The steps below are the basic steps for filing for Chapter 7 bankruptcy relief. Since everyone’s circumstances are different, however, please review the process with your attorney prior to any filings.


Income Qualifies for Chapter 7 – Next Steps


1. Debtor Education: There are two classes that must be completed before getting a discharge. The first class, Credit Counseling, must be completed before any papers can be filed with the court. The classes must be taken with a court approved agency, and that agency will issue a certificate after the course has been completed. This certificate will be included in the paperwork filed at the start of the bankruptcy process. The certificate is valid for 180 days after taking the Credit Counseling class. Massachusetts Approved Credit Counseling Agencies

The second class, Financial Management, must be completed before the court will order the debts discharged. This class must be completed within 45 days after the Meeting of Creditors. The cost is generally about $50.00 for each class, and can be done on the telephone or over the internet. Massachusetts Approved Financial Management Agencies Most court approved agencies offer both classes.

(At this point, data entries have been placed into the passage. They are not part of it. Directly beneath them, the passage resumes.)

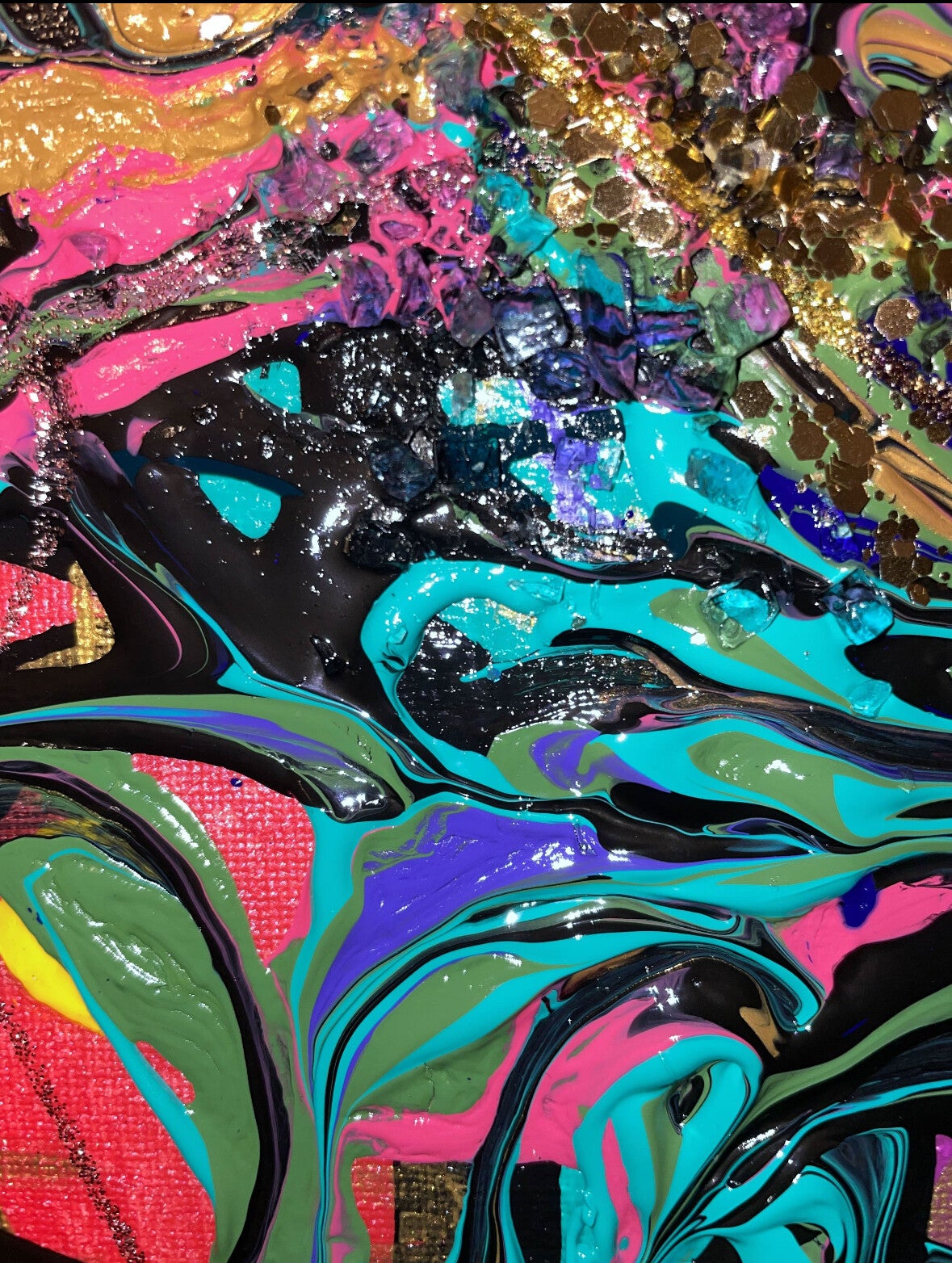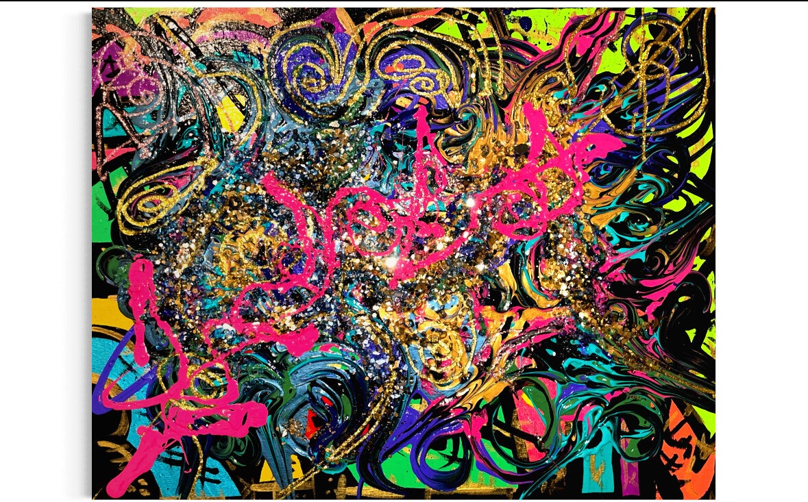 Love in Graffiti is a vibrant abstract mixed-media painting that captures the exuberance and individuality of the 1980s and 1990s in Northwest London. Crafted with acrylic paint, beads, and sequins, the work features the word “love” stretching diagonally across the canvas in striking pink, emerging from the chaos of color and texture. The piece is a nostalgic homage to the era when graffiti and rap culture were gaining recognition, and life was an explosion of creativity, personality, and self-expression-seen in the bold fashion, colorful buildings, and fearless individuality of the time.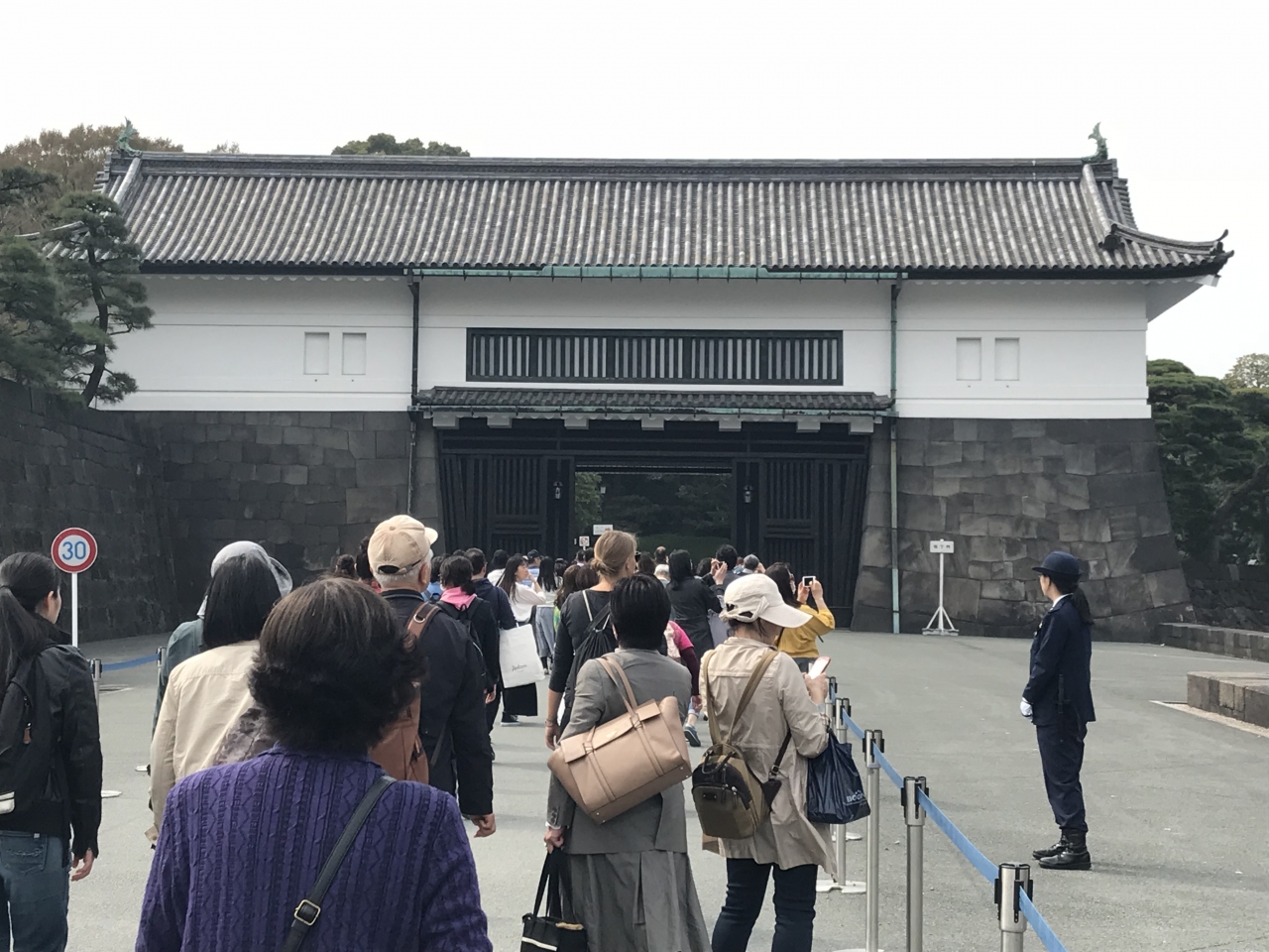 入場口で、荷物検査とセキュリティチェックを済ませて、坂下門から乾通りに入ります。桜は期待したほどではありませんでしたが、宮殿や宮内庁など普段は見られないものを巡るコースは新鮮です。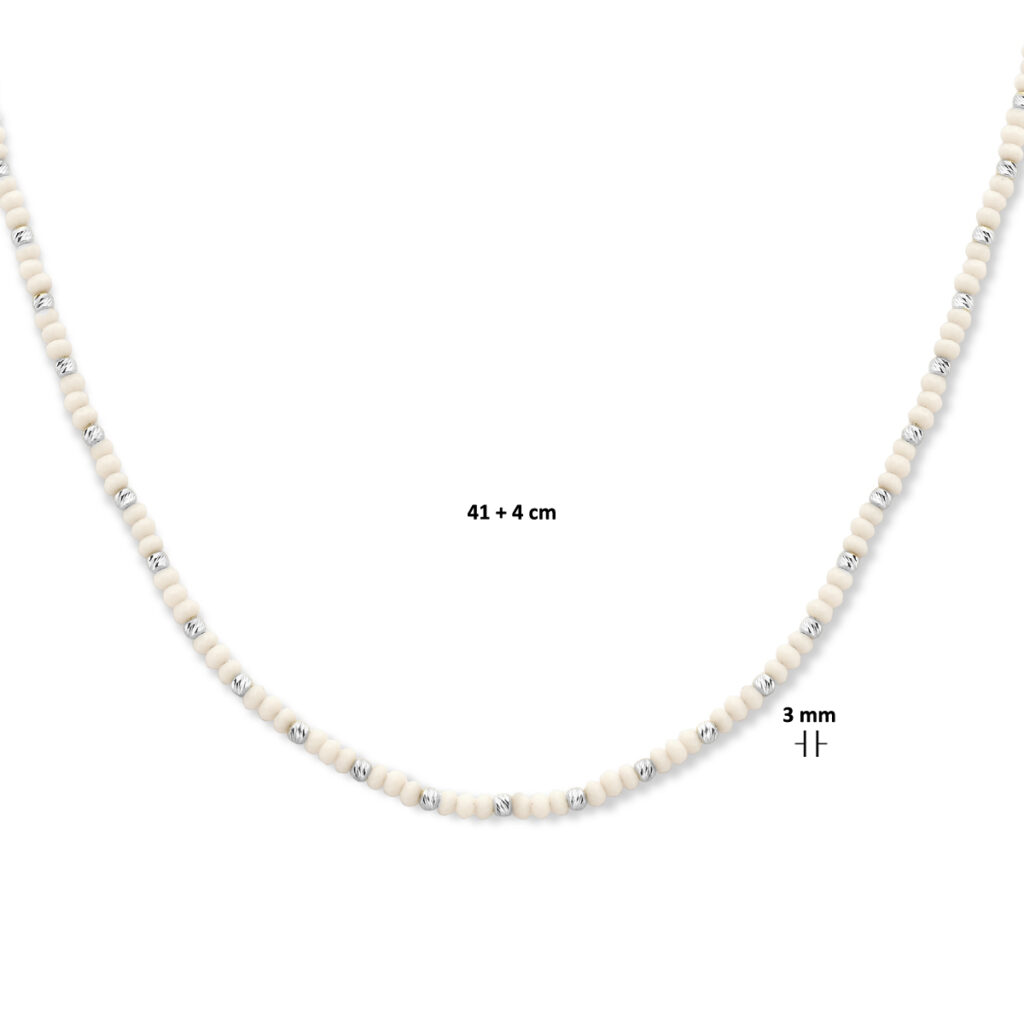 collier bolletjes gediamanteerd en wit glas 3,0 mm 41 + 4 cm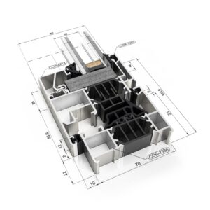 Système de fenêtre et porte-fenêtre de dormant de 70 mm. Sa très puissante capacité d’isolation thermique s’obtient grâce à l’alliance parfaite et à la conception de profilés d’aluminium, de barrettes tubulaires en polyamide de 35 mm, de joints d’étanchéité tubulaires en E.P.D.M. et d’un système de mousse de polyoléfine placée autour du cadre du vitrage. Possibilité d’ouvrants et de parcloses droits ou à pan coupé. Sa capacité d’utilisation de vitrages jusqu’à 58 mm lui permet d’obtenir d’excellents résultats en matière acoustique et thermique. Il existe la possibilité d’intégrer des accessoires à paumelles cachées.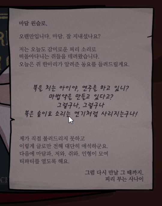 - 장식장에 가 마담 윈슬로와 대화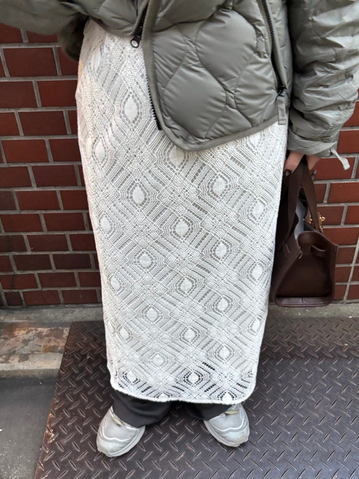 〔ONE SIZE〕〈手洗い可能〉ラッセル レース ウエスト ギャザー タイト スカート
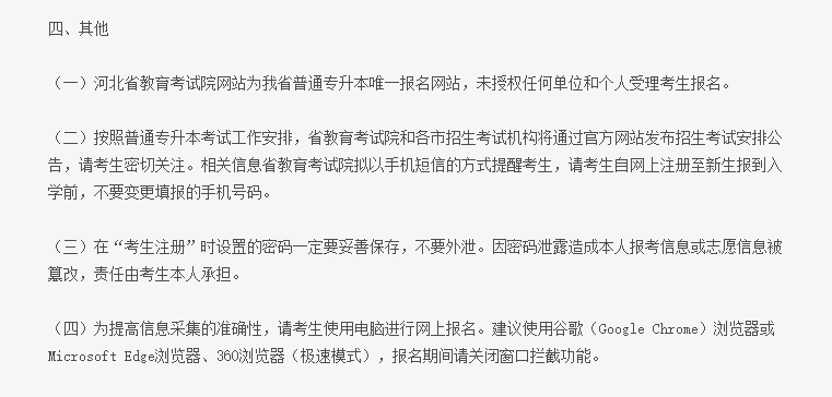 河北省專升本報名是不支持用手機報名的,河北教育考試院發布的關于2025年河北專升本報名公告中也有提示說明。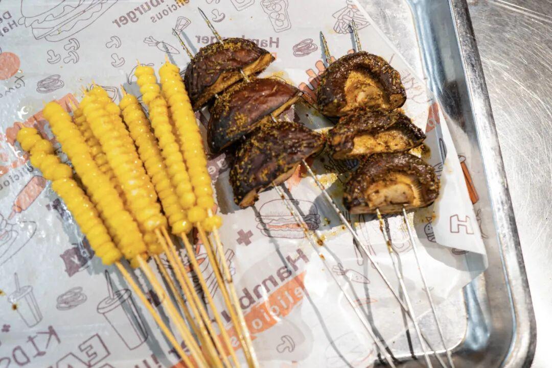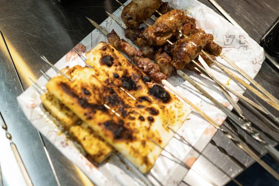 口味清淡的朋友可以選白串,羊肉串炙烤的時候只放鹽,品的是食材本來的鮮味。想嘗試本地特色的推薦刷上一層甜醋,當地人喫燒烤的必備蘸料,酸甜口。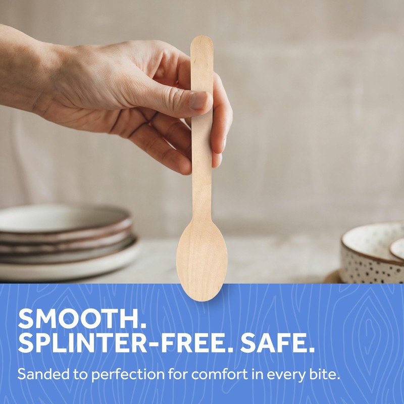- Durable, Smooth & Splinter-Free – These sturdy wood spoons are built to hold up to hot soups, cold desserts, and everything in between. Sanded to a fine finish for a smooth, comfortable feel—safe for guests of all ages.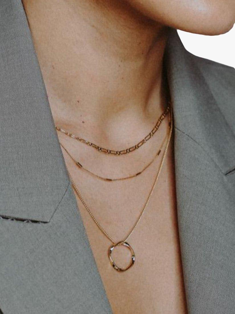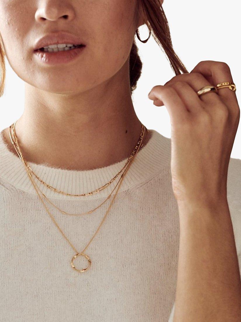 Featuring a short dainty figaro chain, a fine link style necklace and ending witha subtle twisted gold open circle pendant, this necklace from Orelia offers an easy accessories refresh.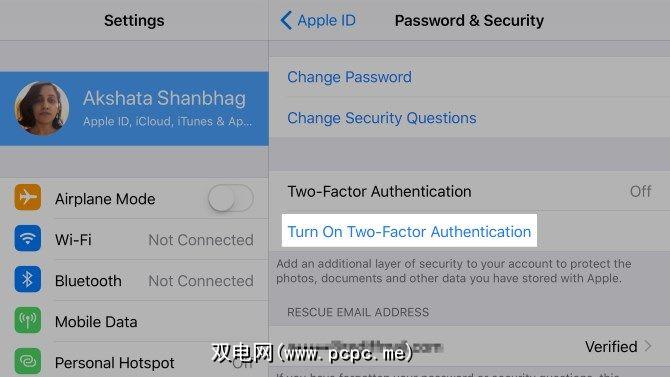 在iOS上:在设置应用,点击顶部的您的姓名/ Apple ID,然后点击密码和安全性。在下一部分中,您将找到启用两层身份验证选项以继续执行2FA流程。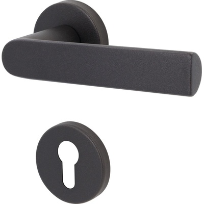 Dveřní madlo rovné Vnější strana madla plochá, vnitřní strana zaoblená. Materiál : Nerez se speciální povrchovou úpravou černá ocel. Na dotek jemně hrubý metalický povrch dodává...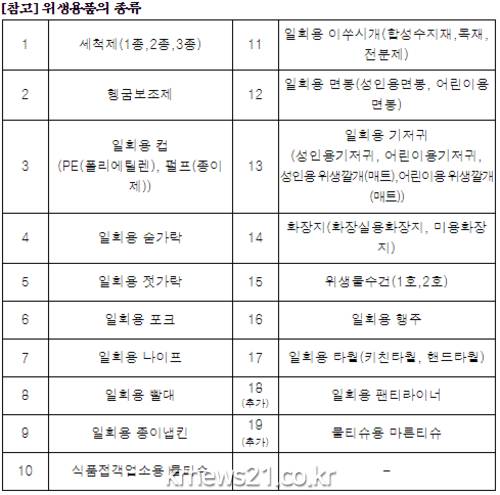 이번 검사는 대전시와 자치구 합동으로 생활용품할인점, 대형마트 등 시민들이 많이 이용하는 제품을 선정해 세척제, 헹굼보조제, 식품접객업소용 물티슈, 일회용 컵, 화장지, 일회용 기저귀 등 17종 458건에 대해 실시됐다.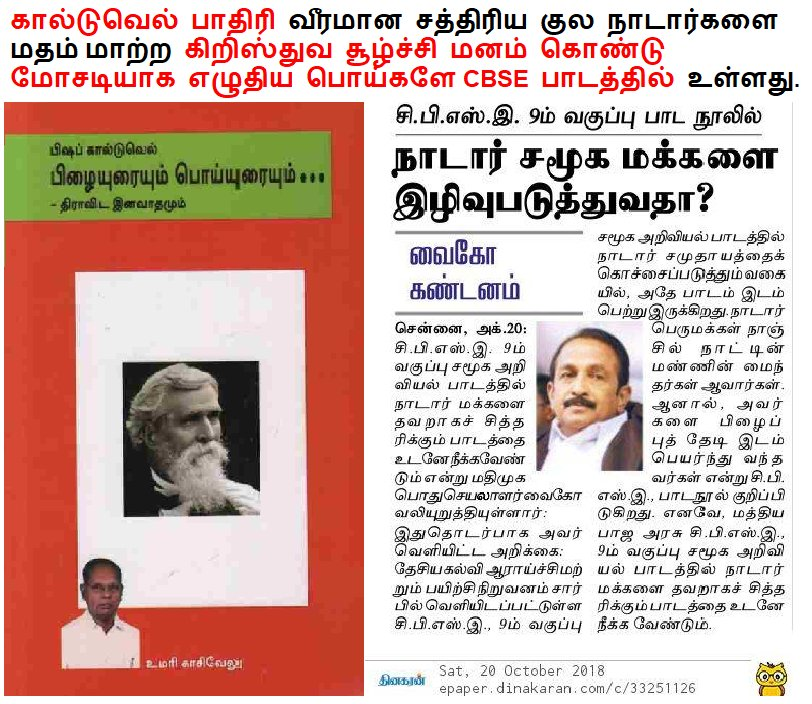 நாடார் ஜாதி மக்கள் சிபிஎஸ்இ பாடத்தில் பாதிரி கால்டுவெல் நூலின் அடிப்படையில் இருந்த குறிப்புகளை நீக்க பெரும் போராட்டம் செய்தனர்.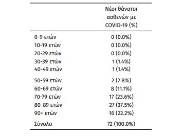 Οι νέοι θάνατοι ασθενών με COVID-19 είναι 72, ενώ από την έναρξη της επιδημίας έχουν καταγραφεί συνολικά 24.754 θάνατοι. Το 95.2% είχε υποκείμενο νόσημα ή/και ηλικία 70 ετών και άνω.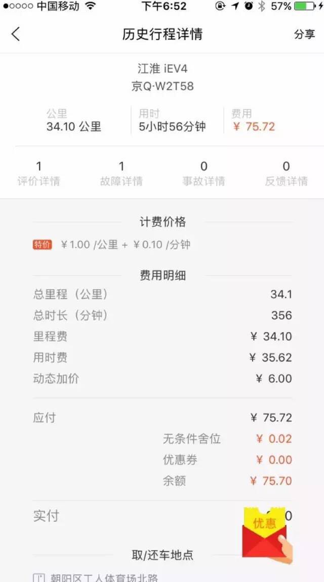(这里说明下,几乎所有的共享汽车要结束行程,必须使用 App。而一些共享电动汽车的平台,如果车不在指定的停车场,是无法结束行程的。)
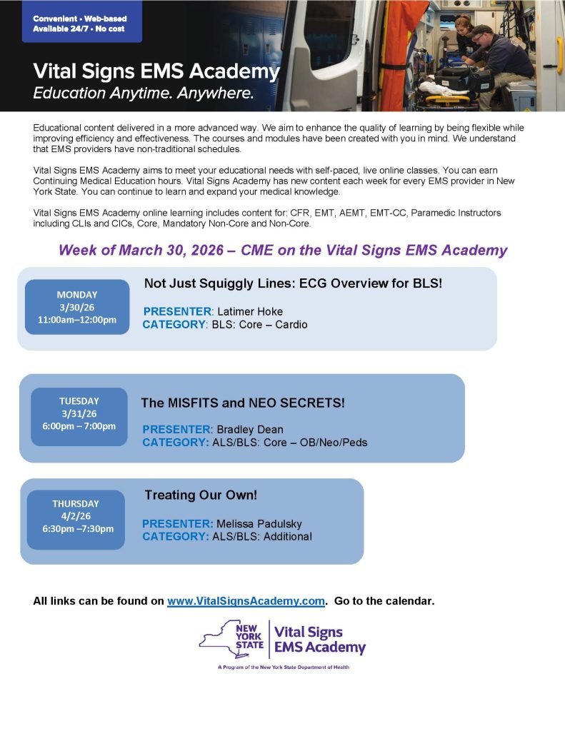Vital Signs EMS Academy Training Week of 3/30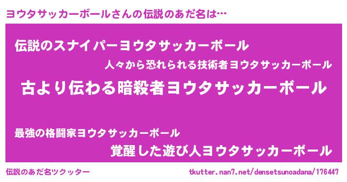 | 胡散臭い通販商品みたいなあだ名 | 『来世でも幸せになれる健康食品…その名も「ヨウタサッカーボール」』 |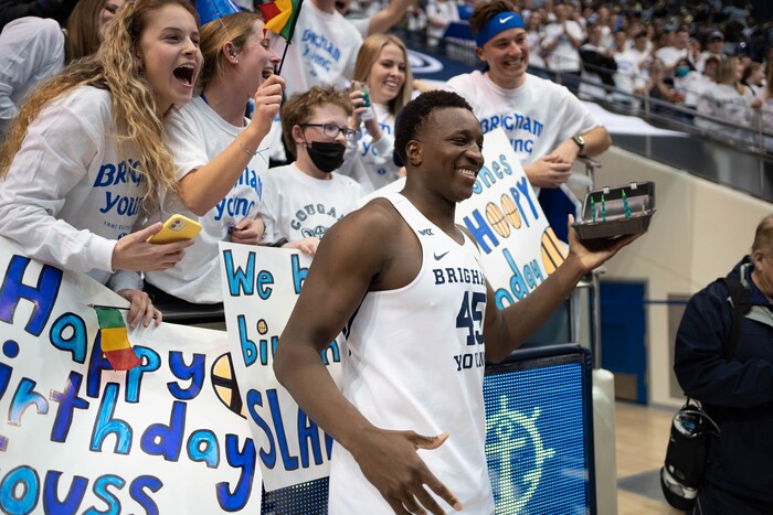 (Francisco Kjolseth | The Salt Lake Tribune) The student section celebrates the birthday of Brigham Young Cougars forward Fousseyni Traore (45) following their game against the Portland Pilots, at the Marriott Center, on Saturday, January 22, 2022.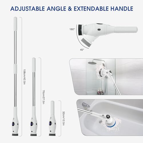 Adjustable Angle & Retractable Handle:AYJICE electric bathroom scrubber handle is detachable (up to 42.5 inches) and the angle is adjustable (45°, 180°) to fit various edge and crevice areas without bending and kneeling down . Lightweight and flexible, making cleaning easier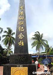 二○○四年七月下旬,在海南兴隆华侨农场的亚洲热带风情园里,竖立着两尊黑色金字的柱子。据悉,它们是香港与澳门回归纪念柱,这两尊柱子是该风情园的一大景观。作者:顾时宏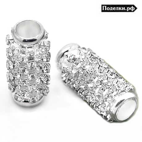 Металлическая бусина Пандора Трубочка 0007751 серебряный цвет с прозрачными стразами 23x10 мм

2. Filling out the Bankruptcy Petition: The bankruptcy petition is somewhat like a tax return. It has summary pages, followed by more detailed supporting information. On these forms will be listed income, debts, and assets. The asset section of the petition is where all assets will be listed and also where they will be protected. This protection is done by using the exemption amount allowed by selecting either the state or federal exemption amounts. Simply stated, although an asset may be listed, it may also be that you are allowed to keep everything that had to be listed. Some states, Massachusetts is one of them, allow a choice between using the federal exemptions or the state exemptions to keep your assets. That decision should be discussed with your attorney.

3. The Meeting of Creditors: after the papers have been filed with the court, a meeting will be set up by the bankruptcy trustee assigned to the case. This meeting is also known as a “341 Meeting.” Creditors are notified of this meeting, and have the option to attend and ask questions. In reality, rarely do creditors attend these meetings. The bankruptcy trustee runs the meeting and will ask the debtor a series of questions about the papers filed with the court. The bankruptcy trustee’s job is to determine if all assets have been included on the initial filing and whether there are any new assets that may not be protected. The meeting generally lasts for about ten minutes.

4. Getting to Discharge: Within 45 days after the Meeting of Creditors, if not already filed, a certificate showing that the second required Debtor Education class has been completed must be filed. Once that has been done, and unless there is an objection filed by a creditor, the court will issue a discharge within 60 days of the date of the Meeting of Creditors. This is usually the end of the process, and the case is closed.